BEGIN Exercise data

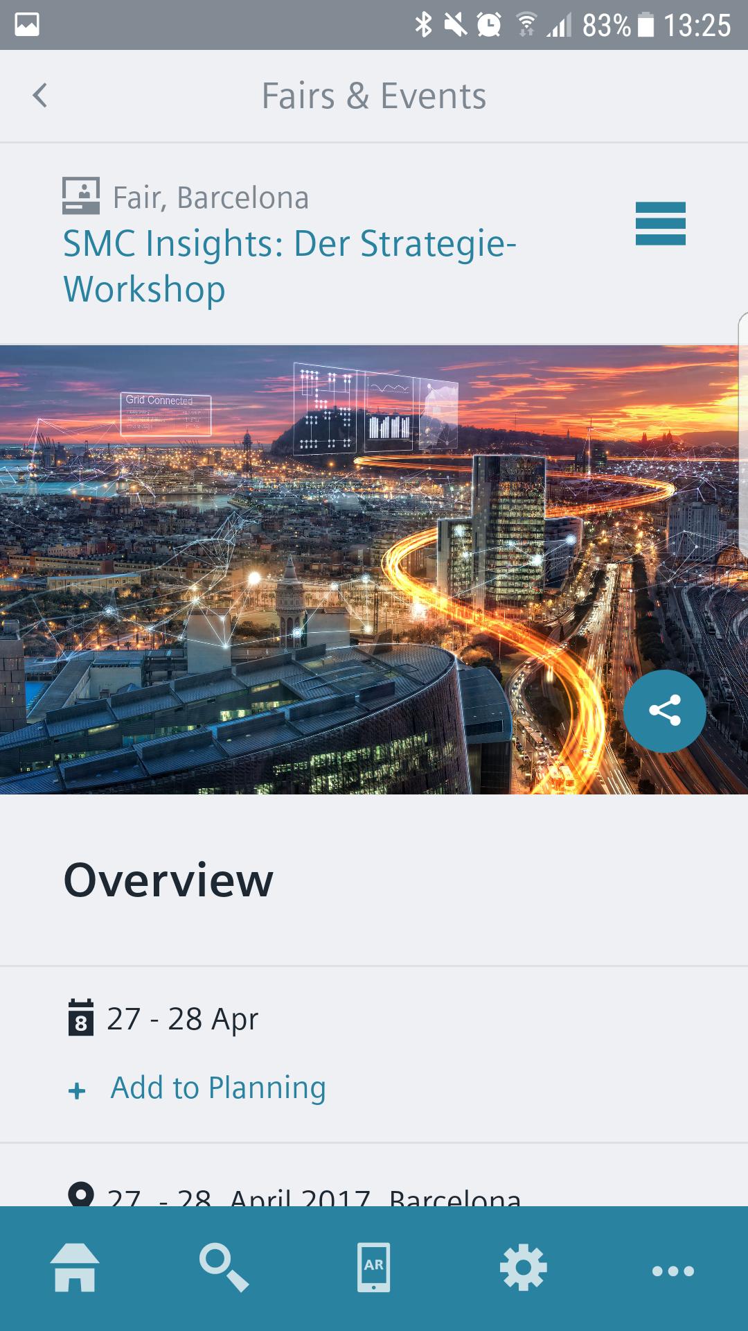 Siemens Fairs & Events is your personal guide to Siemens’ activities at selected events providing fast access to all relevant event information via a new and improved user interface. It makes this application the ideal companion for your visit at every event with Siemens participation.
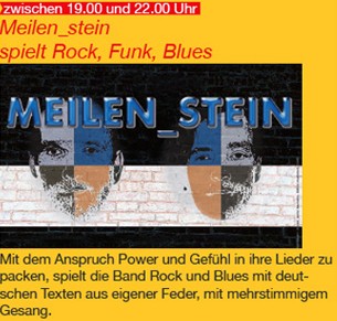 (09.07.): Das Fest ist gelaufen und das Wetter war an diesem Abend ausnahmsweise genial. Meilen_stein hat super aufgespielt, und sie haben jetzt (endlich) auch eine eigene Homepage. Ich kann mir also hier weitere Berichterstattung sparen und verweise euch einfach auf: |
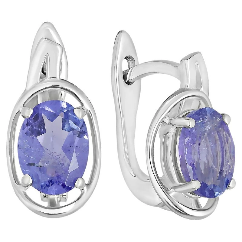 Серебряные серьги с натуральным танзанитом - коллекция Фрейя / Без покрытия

END Exercise data
BEGIN Exercise data

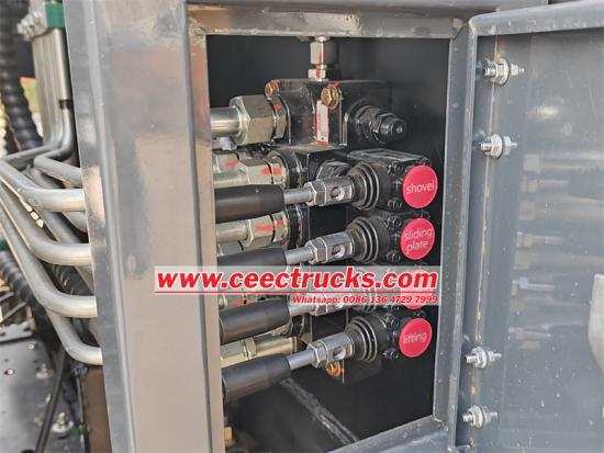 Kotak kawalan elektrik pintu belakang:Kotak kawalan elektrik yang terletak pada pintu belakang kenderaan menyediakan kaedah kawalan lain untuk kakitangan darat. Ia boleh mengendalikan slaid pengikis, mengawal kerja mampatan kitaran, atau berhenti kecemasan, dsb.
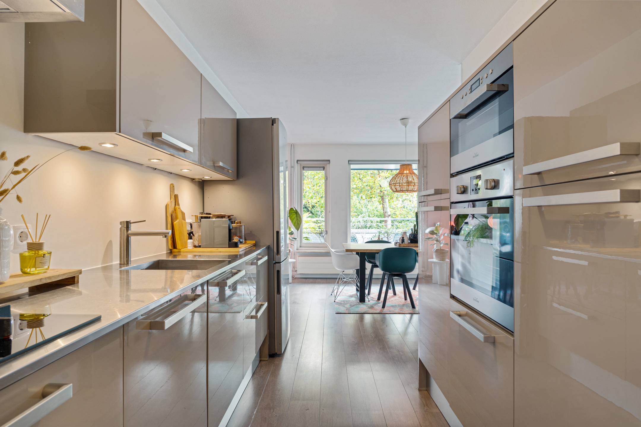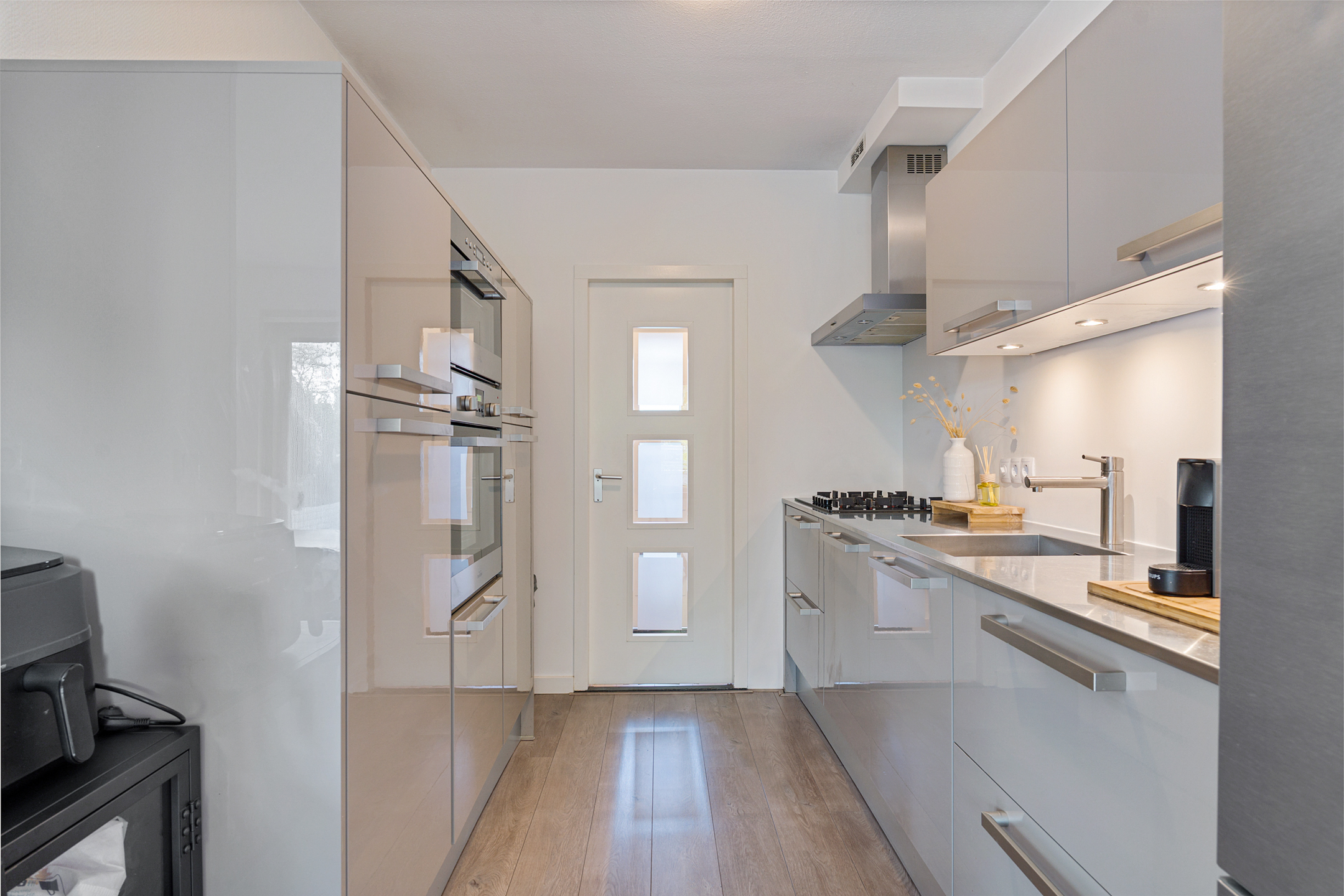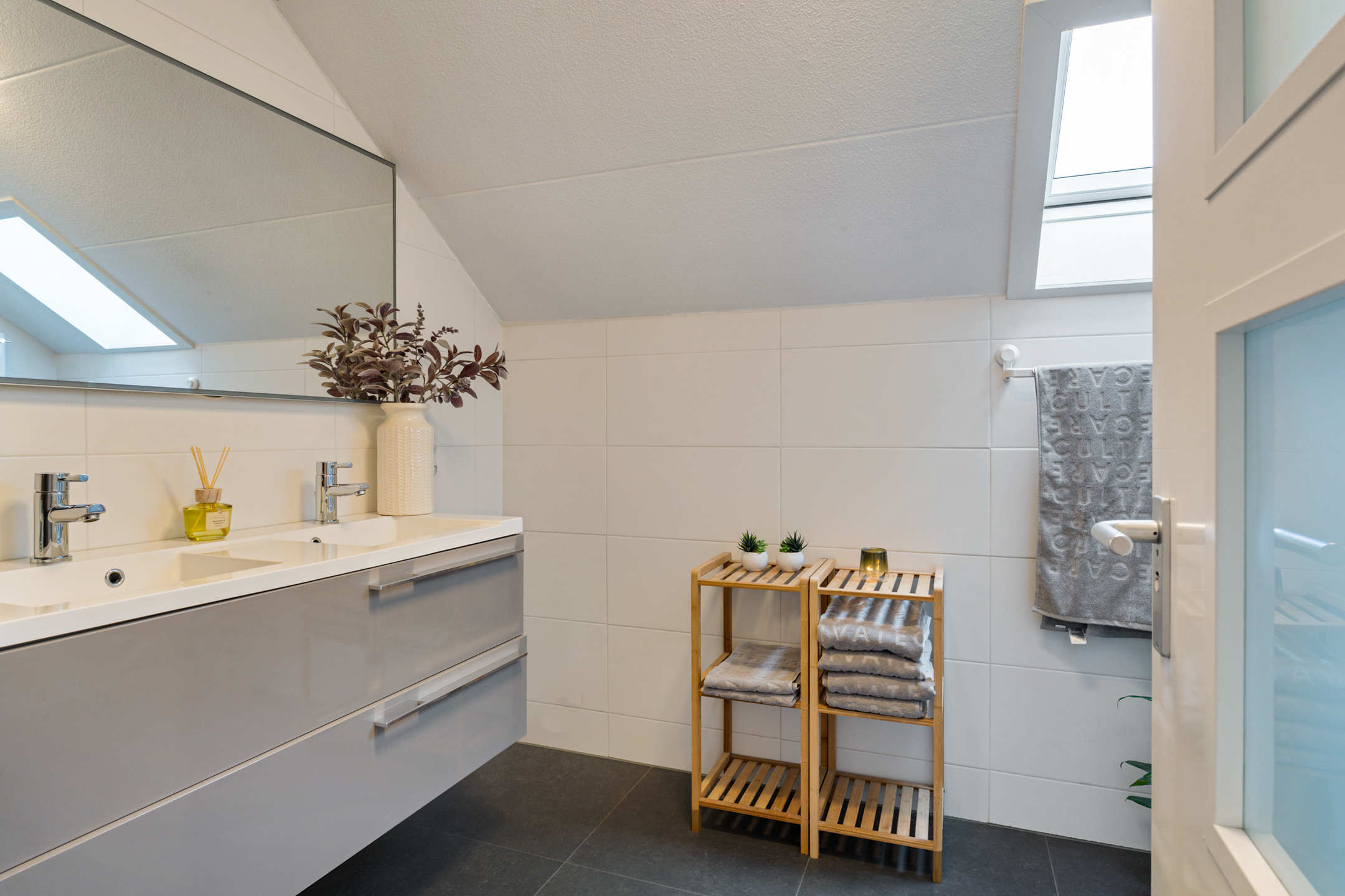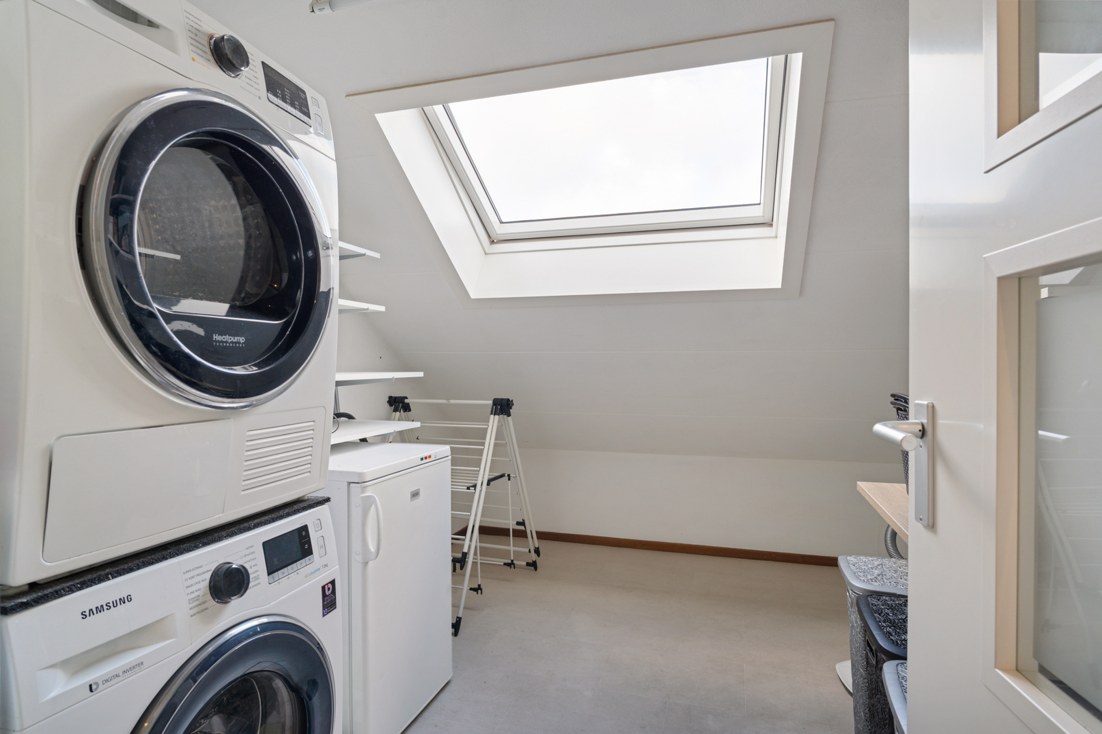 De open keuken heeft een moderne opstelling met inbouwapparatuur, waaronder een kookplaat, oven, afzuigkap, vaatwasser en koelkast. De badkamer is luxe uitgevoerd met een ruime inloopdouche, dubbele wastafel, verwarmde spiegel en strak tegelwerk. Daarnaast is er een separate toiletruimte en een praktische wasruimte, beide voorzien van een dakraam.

END Exercise data

Although pictures appear among the entries, please set down only the lines from the one with "Kotak kawalan elektrik pintu" up to and including the one with "De open keuken", word for word.

 Kotak kawalan elektrik pintu belakang:Kotak kawalan elektrik yang terletak pada pintu belakang kenderaan menyediakan kaedah kawalan lain untuk kakitangan darat. Ia boleh mengendalikan slaid pengikis, mengawal kerja mampatan kitaran, atau berhenti kecemasan, dsb.
 De open keuken heeft een moderne opstelling met inbouwapparatuur, waaronder een kookplaat, oven, afzuigkap, vaatwasser en koelkast. De badkamer is luxe uitgevoerd met een ruime inloopdouche, dubbele wastafel, verwarmde spiegel en strak tegelwerk. Daarnaast is er een separate toiletruimte en een praktische wasruimte, beide voorzien van een dakraam.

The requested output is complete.